## Import libraries

In [1]:
import pandas as pd
import numpy as np
import scipy.stats as stats
import re
import requests
from bs4 import BeautifulSoup
import matplotlib.pyplot as plt

%matplotlib notebook

## Scrape datasets from wikipedia

In [2]:
# Seattle Seahawks
url = 'https://en.wikipedia.org/wiki/List_of_Seattle_Seahawks_seasons'

r = requests.get(url)
html = r.text

soup = BeautifulSoup(html, 'html.parser')
table = soup.find_all('table', {"class": "wikitable"})

In [3]:
# Seattle Mariners
url = 'https://en.wikipedia.org/wiki/List_of_Seattle_Mariners_seasons'

r = requests.get(url)
html = r.text

soup = BeautifulSoup(html, 'html.parser')
table_m = soup.find_all('table', {"class": "wikitable"})

## Prepare data

### Seahawks

In [4]:
df_s = pd.read_html(str(table)) 
df_s = pd.DataFrame(df_s[1])
df_s = df_s.loc[:, df_s.columns.get_level_values(1).isin({"Team", "Pct"})]
df_s.columns = df_s.columns.droplevel()
df_s = df_s.iloc[:45].rename(columns={'Team':'year', 'Pct':'WL ratio Seahawks'})
df_s['year'] = df_s['year'].astype(int)

In [5]:
# 10-year moving average
df_s['WL ratio Seahawks Averaged'] = df_s.iloc[:,1].rolling(window=10).mean()
df_s = df_s[['year', 'WL ratio Seahawks Averaged']].dropna()
df_s.head()

Unnamed: 0,year,WL ratio Seahawks Averaged
9,1985,0.4508
10,1986,0.499
11,1987,0.5233
12,1988,0.5233
13,1989,0.5108


### Mariners

In [6]:
df_m = pd.read_html(str(table_m)) 
df_m = pd.DataFrame(df_m[2])
df_m = df_m[['Teamseason','Win%']].iloc[:44].rename(columns={'Teamseason':'year', 'Win%':'WL ratio Mariners'})
df_m['year'] = df_m['year'].replace("\[.*\]", "", regex=True)
df_m['year'] = df_m['year'].astype(int)
df_m['WL ratio Mariners'] = df_m['WL ratio Mariners'].astype(float)

In [7]:
# 10-year moving average
df_m['WL ratio Mariners Averaged'] = df_m.iloc[:,1].rolling(window=10).mean()
df_m = df_m[['year', 'WL ratio Mariners Averaged']].dropna()
df_m.head()

Unnamed: 0,year,WL ratio Mariners Averaged
9,1986,0.4094
10,1987,0.418
11,1988,0.4252
12,1989,0.4289
13,1990,0.44


### Merge two datasets to df

In [8]:
df = pd.merge(df_s, df_m, how='inner', on=['year'])
df.set_index('year', inplace=True)
df.head()

Unnamed: 0_level_0,WL ratio Seahawks Averaged,WL ratio Mariners Averaged
year,Unnamed: 1_level_1,Unnamed: 2_level_1
1986,0.499,0.4094
1987,0.5233,0.418
1988,0.5233,0.4252
1989,0.5108,0.4289
1990,0.5421,0.44


### Analyze, model, and visualize

In [9]:
ax = df.plot(figsize=(8,4));
ax.set_ylabel('Win Percentage');


<IPython.core.display.Javascript object>

### State the region and the domain category that your data sets are about
Seattle, Washington Sports

### Create a research question about the domain category and region that you identified.
How have the win percentages for the two major Seattle sports teams (Seahawks and Mariners) changed over the last forty years?

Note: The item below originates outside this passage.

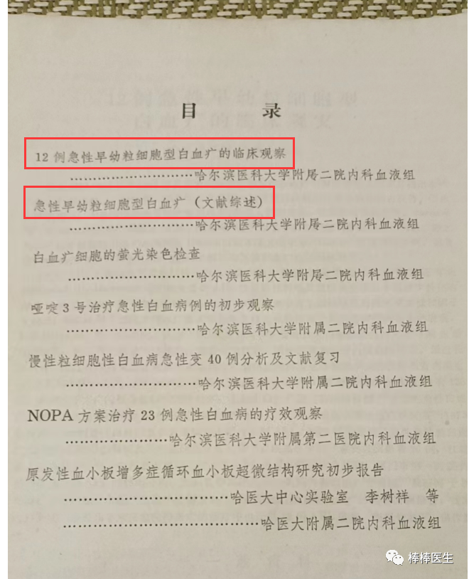 现在我又淘到了一本1978年黑龙江省的《肿瘤防治资料》,里面收集了哈医二院内科血液组的6篇白血病论文,有2篇是关于APL的,如图。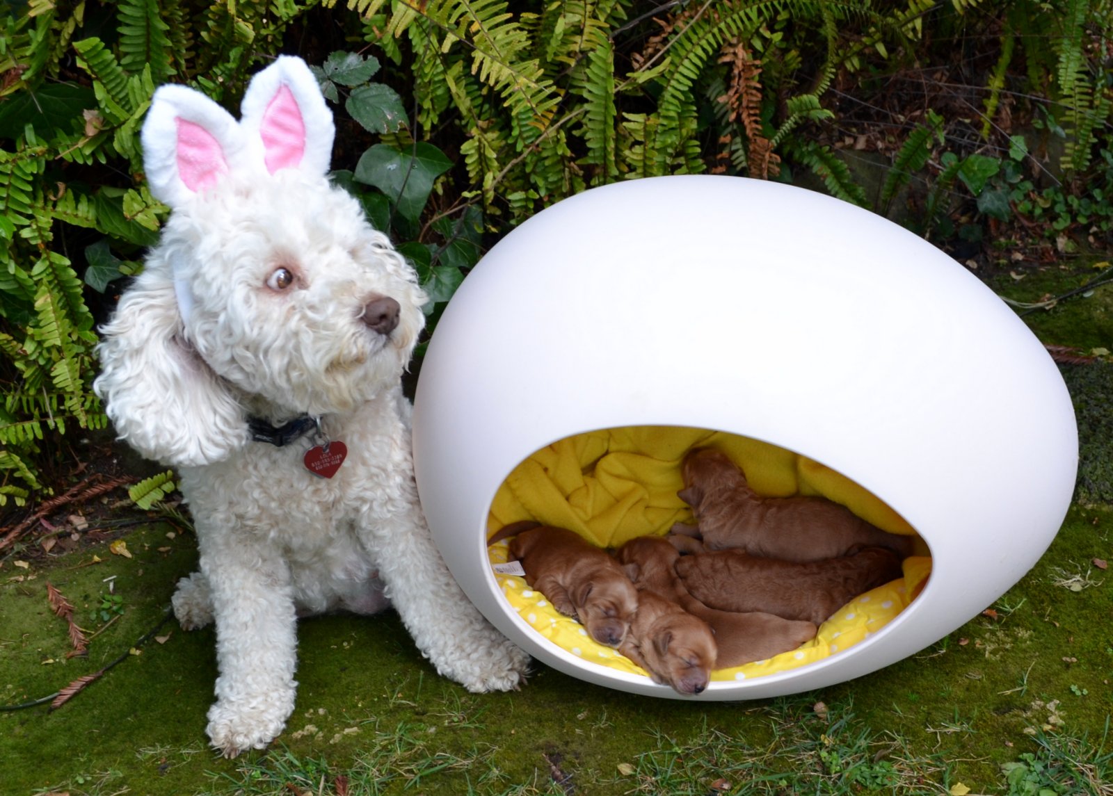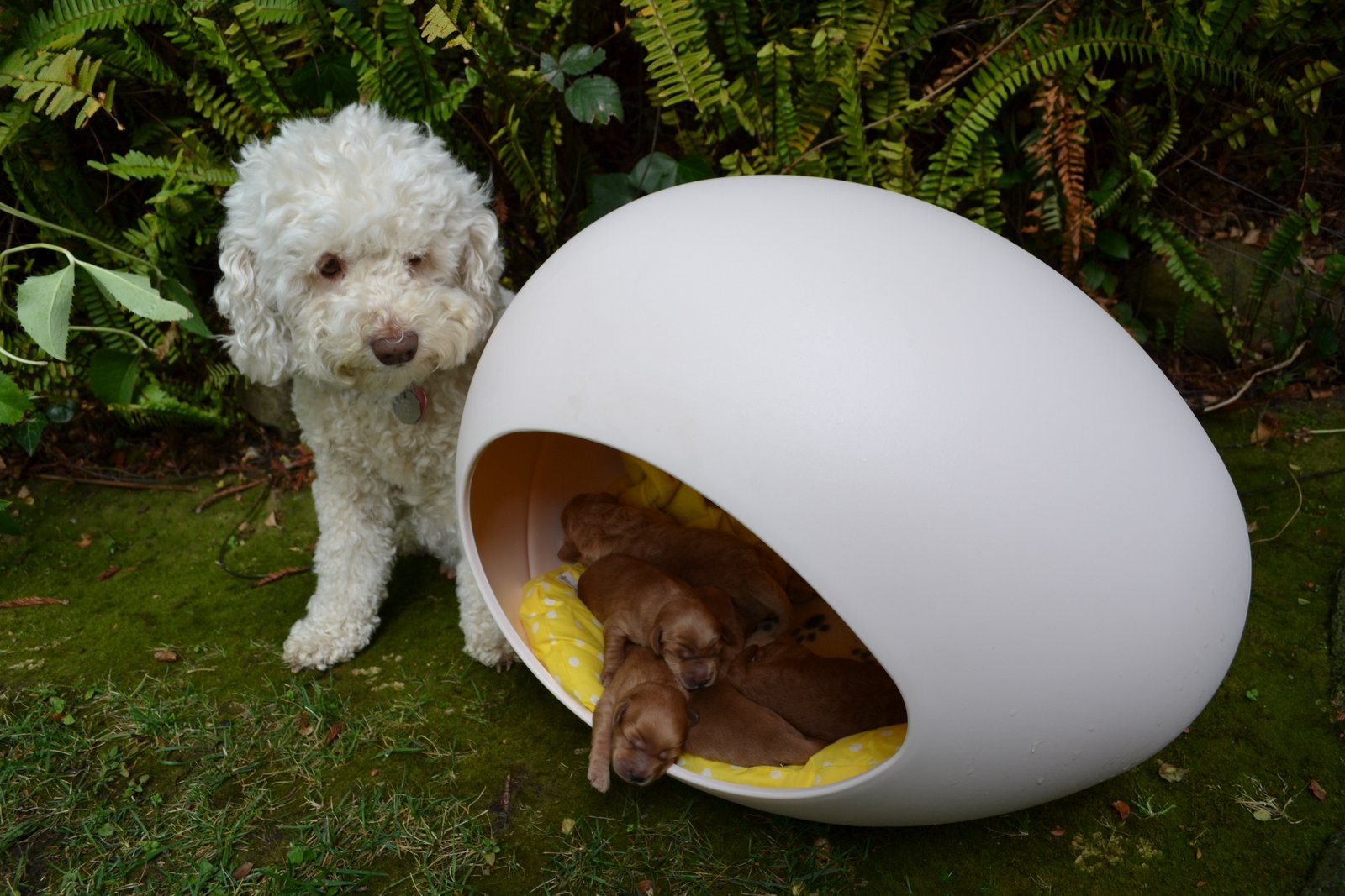 Oh my gosh! These pictures are adorable! The white doggy in the picture isn't the mommy, is it?

### Provide at least two links to publicly accessible datasets. These could be links to files such as CSV or Excel files, or links to websites which might have data in tabular form, such as Wikipedia pages.
https://en.wikipedia.org/wiki/List_of_Seattle_Mariners_seasons

https://en.wikipedia.org/wiki/List_of_Seattle_Seahawks_seasons#cite_note-1

### Upload an image which addresses your research question. 

### Provide a short (1-2 paragraphs) justification of how your visual addresses your research question.
This visualization was concerned with answering the question of how the win percentages of the two major Seattle sports teams (Seahawks and Mariners) have changed over the last 40 years. Wikipedia was scraped for data concerning wins and losses by season for each team. Data cleaning has been conducted. A 10-year moving average was plotted to help the reader identify any major trends in the team’s win percentages.  The plot indicates the years of high win percentage for Seahawks are around 1990 and 2007, with periods of decline following both high points. The Mariner’s win percentage shows a continuing increase up to 2003 and stays high from 2003 to 2010.